--- Collected material ---
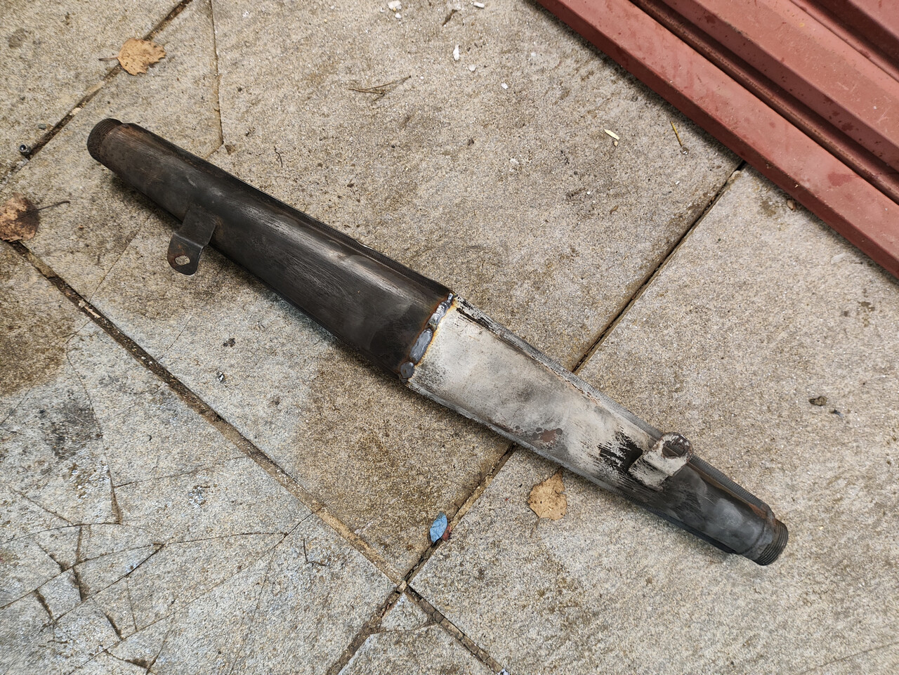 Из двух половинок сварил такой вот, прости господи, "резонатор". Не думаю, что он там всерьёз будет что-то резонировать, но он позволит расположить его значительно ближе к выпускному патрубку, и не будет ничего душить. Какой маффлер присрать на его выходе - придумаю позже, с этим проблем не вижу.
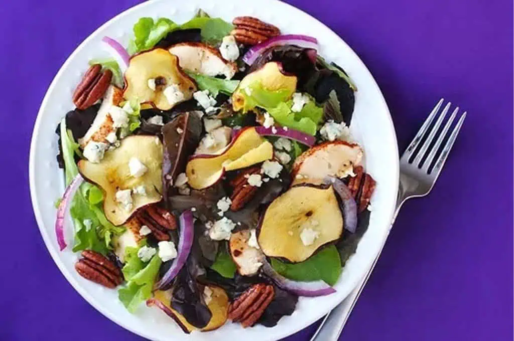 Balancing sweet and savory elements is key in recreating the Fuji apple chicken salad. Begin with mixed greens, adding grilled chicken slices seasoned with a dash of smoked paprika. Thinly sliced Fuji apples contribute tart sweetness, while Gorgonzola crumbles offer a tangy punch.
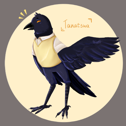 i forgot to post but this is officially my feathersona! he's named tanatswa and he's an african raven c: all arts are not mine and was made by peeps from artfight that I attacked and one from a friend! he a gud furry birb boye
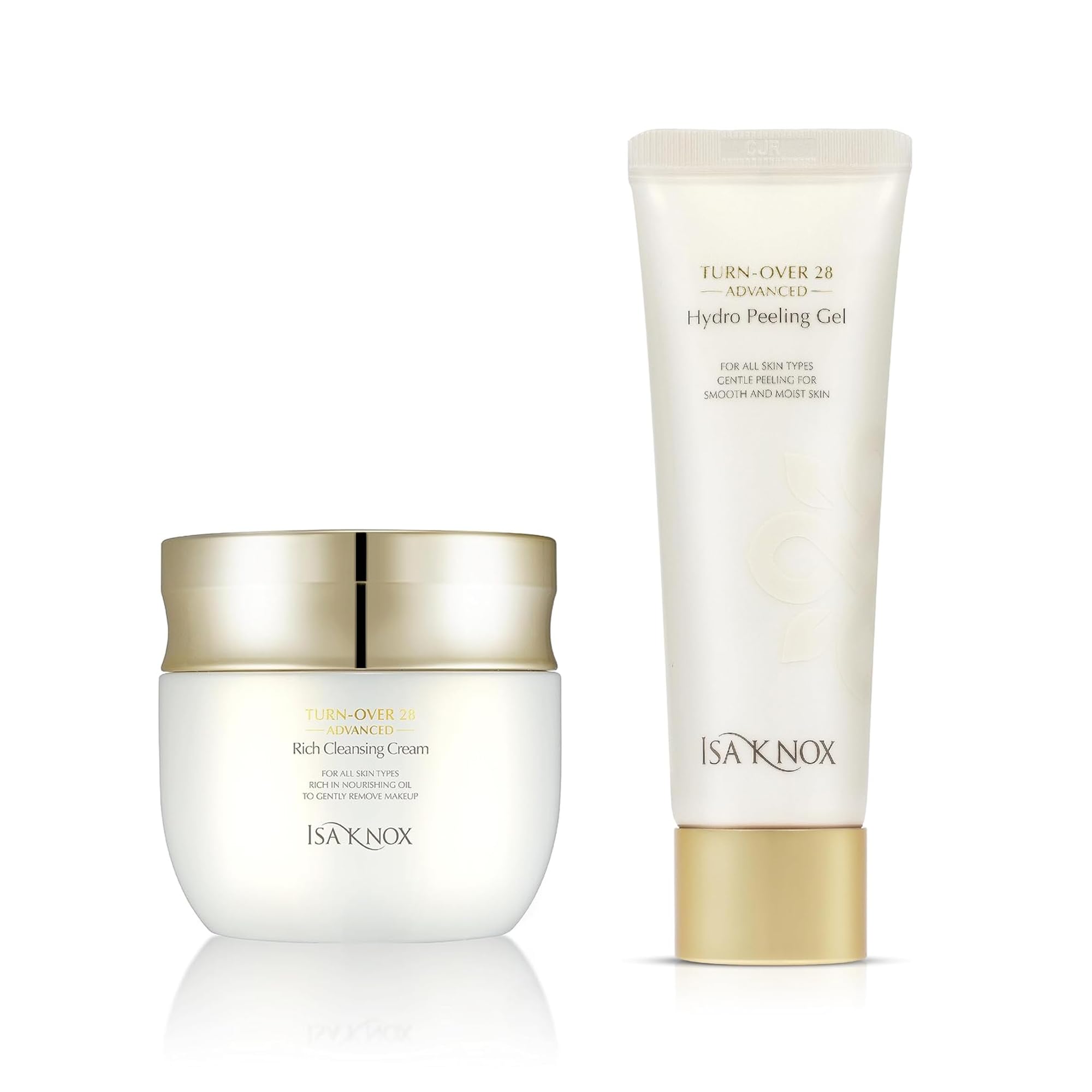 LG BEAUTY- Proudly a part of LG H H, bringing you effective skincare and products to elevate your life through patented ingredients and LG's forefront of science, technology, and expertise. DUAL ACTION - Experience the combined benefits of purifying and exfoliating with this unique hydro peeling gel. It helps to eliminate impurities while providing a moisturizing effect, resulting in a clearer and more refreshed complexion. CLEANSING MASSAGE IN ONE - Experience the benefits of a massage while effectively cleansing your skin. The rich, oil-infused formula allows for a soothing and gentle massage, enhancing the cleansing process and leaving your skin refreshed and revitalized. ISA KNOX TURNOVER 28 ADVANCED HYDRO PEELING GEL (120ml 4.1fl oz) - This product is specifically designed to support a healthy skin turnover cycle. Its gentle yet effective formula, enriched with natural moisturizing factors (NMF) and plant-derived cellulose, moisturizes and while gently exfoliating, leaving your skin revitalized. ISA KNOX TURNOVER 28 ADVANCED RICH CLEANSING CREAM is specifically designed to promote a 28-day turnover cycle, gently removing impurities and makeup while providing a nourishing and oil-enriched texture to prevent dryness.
---
Please return the listing above exactly and leave every picture out.

# Result
 Из двух половинок сварил такой вот, прости господи, "резонатор". Не думаю, что он там всерьёз будет что-то резонировать, но он позволит расположить его значительно ближе к выпускному патрубку, и не будет ничего душить. Какой маффлер присрать на его выходе - придумаю позже, с этим проблем не вижу.
 Balancing sweet and savory elements is key in recreating the Fuji apple chicken salad. Begin with mixed greens, adding grilled chicken slices seasoned with a dash of smoked paprika. Thinly sliced Fuji apples contribute tart sweetness, while Gorgonzola crumbles offer a tangy punch.
 i forgot to post but this is officially my feathersona! he's named tanatswa and he's an african raven c: all arts are not mine and was made by peeps from artfight that I attacked and one from a friend! he a gud furry birb boye
 LG BEAUTY- Proudly a part of LG H H, bringing you effective skincare and products to elevate your life through patented ingredients and LG's forefront of science, technology, and expertise. DUAL ACTION - Experience the combined benefits of purifying and exfoliating with this unique hydro peeling gel. It helps to eliminate impurities while providing a moisturizing effect, resulting in a clearer and more refreshed complexion. CLEANSING MASSAGE IN ONE - Experience the benefits of a massage while effectively cleansing your skin. The rich, oil-infused formula allows for a soothing and gentle massage, enhancing the cleansing process and leaving your skin refreshed and revitalized. ISA KNOX TURNOVER 28 ADVANCED HYDRO PEELING GEL (120ml 4.1fl oz) - This product is specifically designed to support a healthy skin turnover cycle. Its gentle yet effective formula, enriched with natural moisturizing factors (NMF) and plant-derived cellulose, moisturizes and while gently exfoliating, leaving your skin revitalized. ISA KNOX TURNOVER 28 ADVANCED RICH CLEANSING CREAM is specifically designed to promote a 28-day turnover cycle, gently removing impurities and makeup while providing a nourishing and oil-enriched texture to prevent dryness.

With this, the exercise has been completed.